The scope of the savings clause has recently been examined by the Supreme Court in two cases decided the same day, United States v. Menasche, 1955, 348 U.S. 528, 75 S. Ct. 513, and Shomberg v. United States, 1955, 348 U.S. 540, 75 S. Ct. 509. Though both cases involved the naturalization rather than the deportation provisions of the 1952 Act, the analysis the opinions make of the savings clause is significantly helpful in determining the questions at issue in the present case.
In the Menasche case it was held that the savings clause operated to protect the alien's previously acquired status. The Court traced the origin and development in our immigration and naturalization statutes of this savings provision. 348 U.S. 528, at pages 531-535, 75 S. Ct. 513, at pages 515-517. It was the Court's conclusion that 'The whole development of this general savings clause, its predecessors accompanying each of the recent codifications in the field of immigration and naturalization, manifests a well-established congressional policy not to strip aliens of advantages gained under prior laws. The consistent broadening of the savings provision, particularly in its general terminology, indicates that this policy of preservation was intended to apply to matters both within and without the specific contemplation of Congress.' 348 U.S. at page 535, 75 S.Ct. at page 518.
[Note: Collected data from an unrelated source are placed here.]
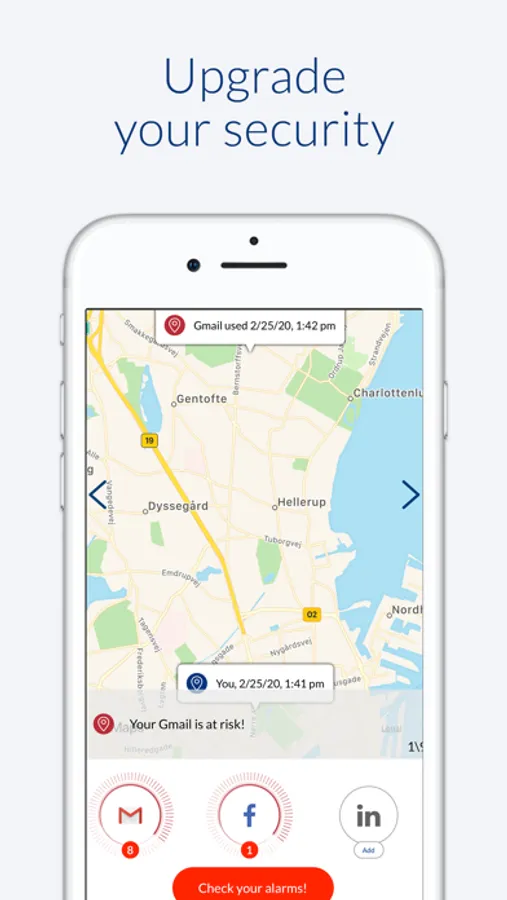 Immediately receive a notification if your Gmail, Facebook or LinkedIn accounts are being used from somewhere that is not your current location. If you are at work and someone reads your mail at home we can warn you.
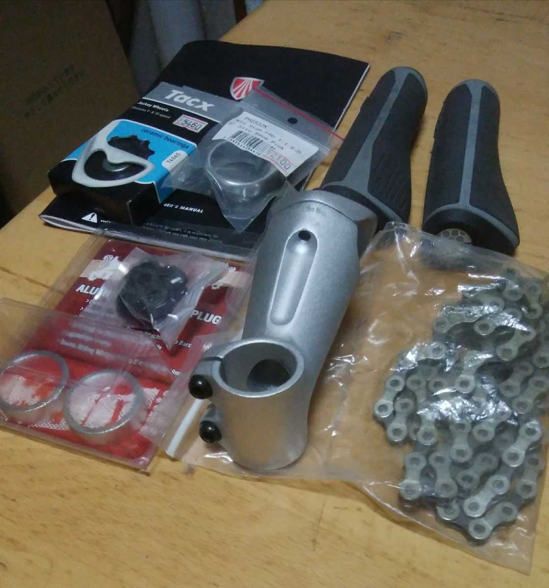 TREK7.6FXの自転車部品です。購入後すぐにいろいろ付け替えたのでほぼ未使用です。長期に保管しておりました。互換性などはわかりませんが、わかる範囲で質問にお答えします。
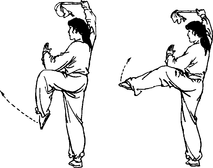 3.上动不停。左腿挺膝,脚尖勾起,脚跟向左前上方45。 蹬出,脚高于胸。目视前方(图27)。
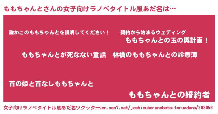 | 男性向けラノベタイトル風あだ名 | 『魔弾の王とももちゃんと』 |
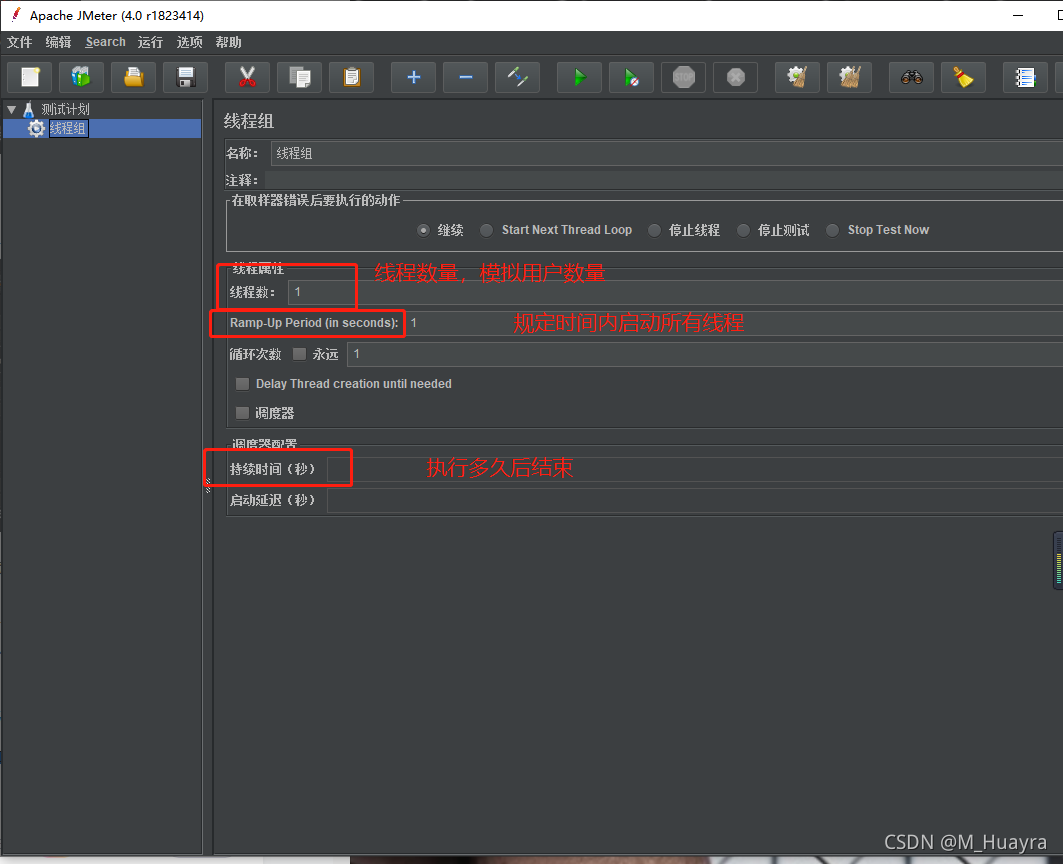线程数:虚拟用户数。一个虚拟用户占用一个线程。设置多少虚拟用户数在这里也就是设置多少个线程数。
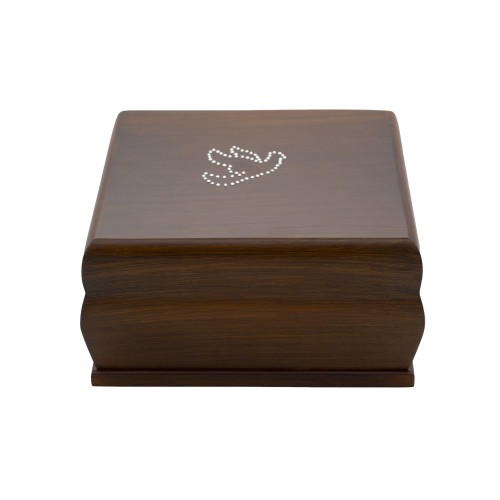 Budapest fa urna galamb strassz díszítéssel barna színben. Szögletes kivitelben, ikresíthető.
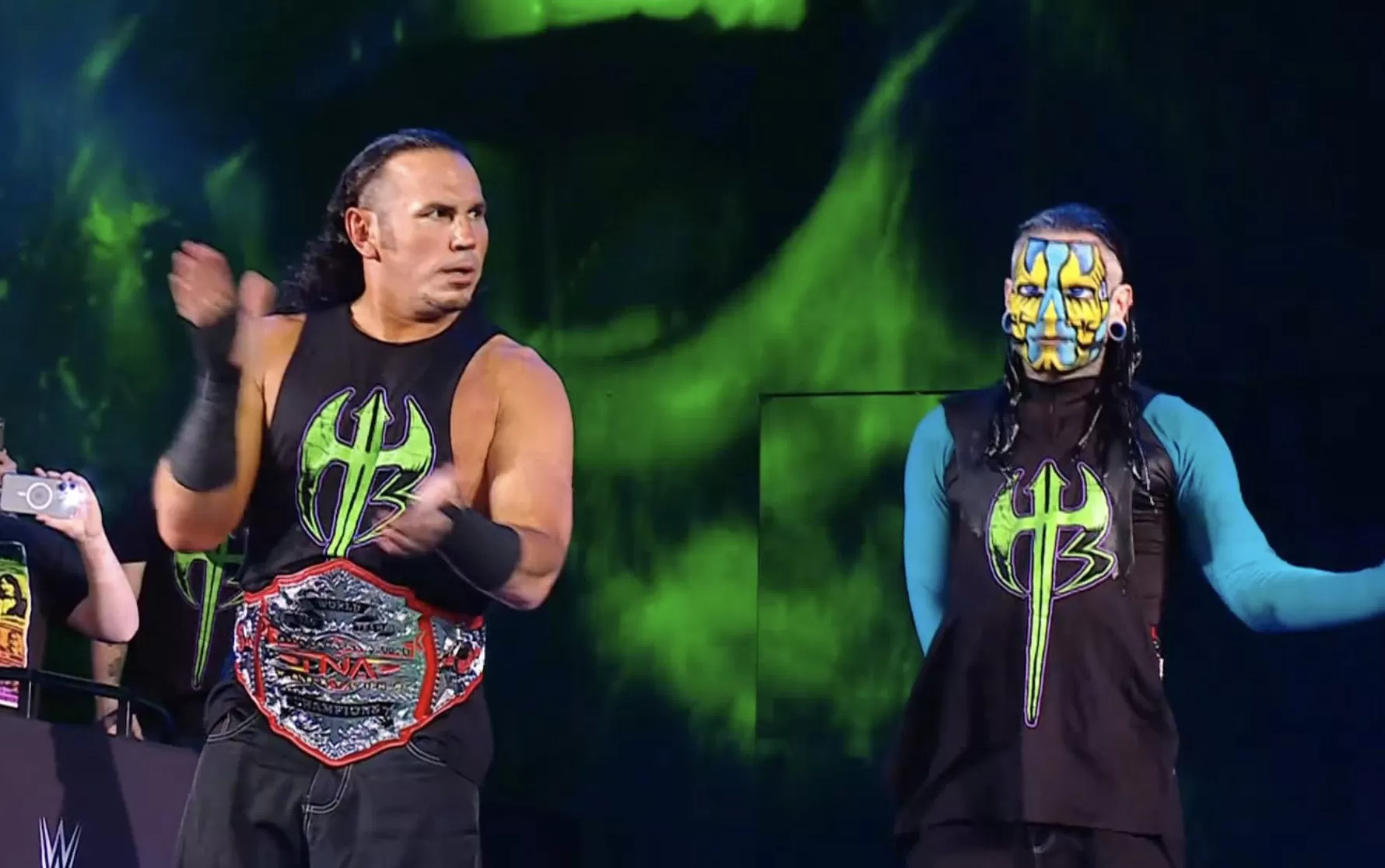 It’s been years since The Hardys have competed inside a WWE ring, but the TNA Wrestling Tag Team Champions wrestled on NXT for the first time ever this week when they faced off against Myles Borne & Tavion Heights.
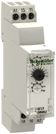 Modulární multifunkční časové relé. Funkce: A: Zpožděné sepnutí, Ac: Symetrické zpožděné sepnutí a rozepnutí po náběžné a spádové hraně řídicího signálu, At: Zpožděné sepnutí po spádové hraně řídicího signálu (s pamětí), B: Zpožděné vypnutí po náběžné hraně řídicího signálu, Bw: Impulz po náběžné i spádové hraně řídicího signálu, C: Zpožděné vypnutí s časováním po spádové hraně řídicího signálu, D: Symetrický cyklovač začínající pauzou, Di: Symetrický cyklovač začínající pulzem, H: Zpožděné vypnutí po připojení napájení, Ht: Zpožděné vypnutí po připojení napájení (s pamětí). Pokud je napájení vypnuto po dobu časování, relé se vrátí do své počáteční pozice. Příklady použití: Otevření automatických dveří, alarm, osvětlení na toaletách, ...
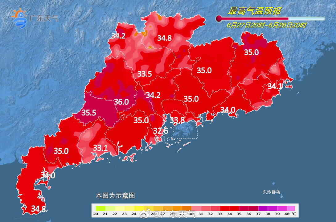 @广东天气预计,27日广东大部气温逐渐上升,南部市县仍多雷雨,局部有暴雨;28日-29日高温范围继续扩大,中北部市县35~36℃。
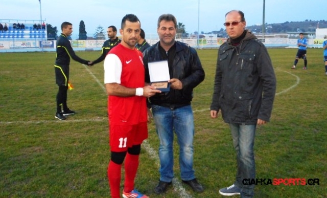Τιμητική πλακέτα παρέδωσε στον Μάκη Μποϊλή ο πρόεδρος του Α.Ο Δικαίου Χριστόδουλος Τσαμπουνιάρης λίγο πριν την έναρξη του αγώνα κυπέλλου ανάμεσα σε Δίκαιο και Αντίμαχο.

In the Shomberg case the Court held that the savings provisions of section 405 of the Act did not preserve the alien's previously acquired status from the operation of section 318 of the Act. The Court found that the relevant savings clause in that case was the one contained in section 405(b). That section, like section 405(a), consists of a general savings provision which applies unless 'otherwise specifically provided'. Since section 318 expressly states that its provisions shall be applicable 'notwithstanding the provisions of section 405(b) (of this Act,)' the Court concluded that here was an instance where the Act had 'otherwise specifically provided' and where the savings clause therefore was superseded. In passing, the Court pointed out four other places in the 1952 Act where Congress had 'clearly manifested its intent that certain policies should override the otherwise broad and pervasive principle of the savings clause.' 348 U.S. at page 547, 75 S. Ct. 513; see footnote 5. In each instance cited the statute expressly states that a given provision shall apply 'notwithstanding' the provisions of the savings clause.3
The Menasche and the Shomberg opinions thus clearly teach that the savings clause is to be interpreted as protecting status acquired under prior legislation, unless the intent to withdraw that protection is manifestly clear. It was held in the Shomberg case that such intent is clear where it is specifically provided that a provision shall be effective 'notwithstanding' the terms of the savings clause. No such clear manifestation of intent is apparent in the present case.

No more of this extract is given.